Nitrogen Mustard Drugs Still Used Today
The original nitrogen mustard compound, mechlorethamine (sold under the brand name Mustargen), is still available. Its most common modern application is as a topical gel for mycosis fungoides, a rare type of skin lymphoma. The European Medicines Agency has approved the gel formulation for early-stage disease, where it is applied directly to skin lesions rather than given intravenously.
More importantly, nitrogen mustard spawned an entire class of chemotherapy drugs called alkylating agents, several of which remain frontline cancer treatments more than 70 years later:
- Cyclophosphamide is one of the most widely used chemotherapy drugs in the world. It treats malignant lymphoma, acute lymphoblastic leukemia, multiple myeloma, breast cancer, ovarian cancer, lung cancer, and neuroblastoma, among others.
- Chlorambucil is used for chronic lymphocytic leukemia, Hodgkin’s disease, ovarian cancer, and certain lymphomas.
- Melphalan treats multiple myeloma, ovarian cancer, and breast cancer.
- Bendamustine is a newer nitrogen mustard derivative approved for certain blood cancers.
These drugs all share the same core mechanism: they damage DNA by attaching chemical groups to it, preventing cancer cells from replicating. Each one modifies the original nitrogen mustard structure to improve how the body absorbs and processes it, to target specific tissues more effectively, or to reduce certain side effects.
Why These Drugs Cause Side Effects
Nitrogen mustard compounds do not distinguish perfectly between cancer cells and healthy ones. They attack any rapidly dividing cell, which is why chemotherapy with alkylating agents commonly causes hair loss, nausea, and drops in blood cell counts. The bone marrow suppression that made mustard gas so devastating to soldiers is the same effect oncologists monitor carefully during treatment.

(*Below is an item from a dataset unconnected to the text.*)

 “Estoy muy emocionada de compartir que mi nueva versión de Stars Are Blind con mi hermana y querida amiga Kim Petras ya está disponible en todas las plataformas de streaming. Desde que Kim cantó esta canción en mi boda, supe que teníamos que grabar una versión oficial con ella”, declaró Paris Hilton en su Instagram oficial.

Nitrogen mustards also damage DNA in healthy cells, which means they are themselves capable of causing mutations. This is not theoretical. These drugs are genotoxic in virtually every laboratory test, producing a wide range of DNA mutations including base substitutions, deletions, and chromosomal rearrangements. In practical terms, this means that alkylating agent chemotherapy carries a small but real long-term risk of causing secondary cancers, particularly blood cancers, years after treatment. Oncologists weigh this risk against the immediate threat of the cancer being treated.

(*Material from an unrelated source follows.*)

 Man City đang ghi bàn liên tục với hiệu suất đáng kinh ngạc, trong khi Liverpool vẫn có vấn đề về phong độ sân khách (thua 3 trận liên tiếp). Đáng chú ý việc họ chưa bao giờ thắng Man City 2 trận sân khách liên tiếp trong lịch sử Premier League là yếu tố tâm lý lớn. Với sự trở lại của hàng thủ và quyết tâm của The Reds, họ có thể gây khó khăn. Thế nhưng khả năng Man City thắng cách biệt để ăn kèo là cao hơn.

The Bottom Line on the Connection
Chemotherapy is not mustard gas poured into a vein. But the first chemotherapy drug was a direct chemical relative of mustard gas, developed by military-funded researchers who noticed that a weapon’s most destructive property, killing rapidly dividing cells, could be turned against cancer. Several drugs in this family remain among the most important cancer treatments available, treating everything from lymphoma to breast cancer to multiple myeloma. The connection between chemical warfare and cancer medicine is real, well-documented, and one of the stranger turns in the history of modern medicine.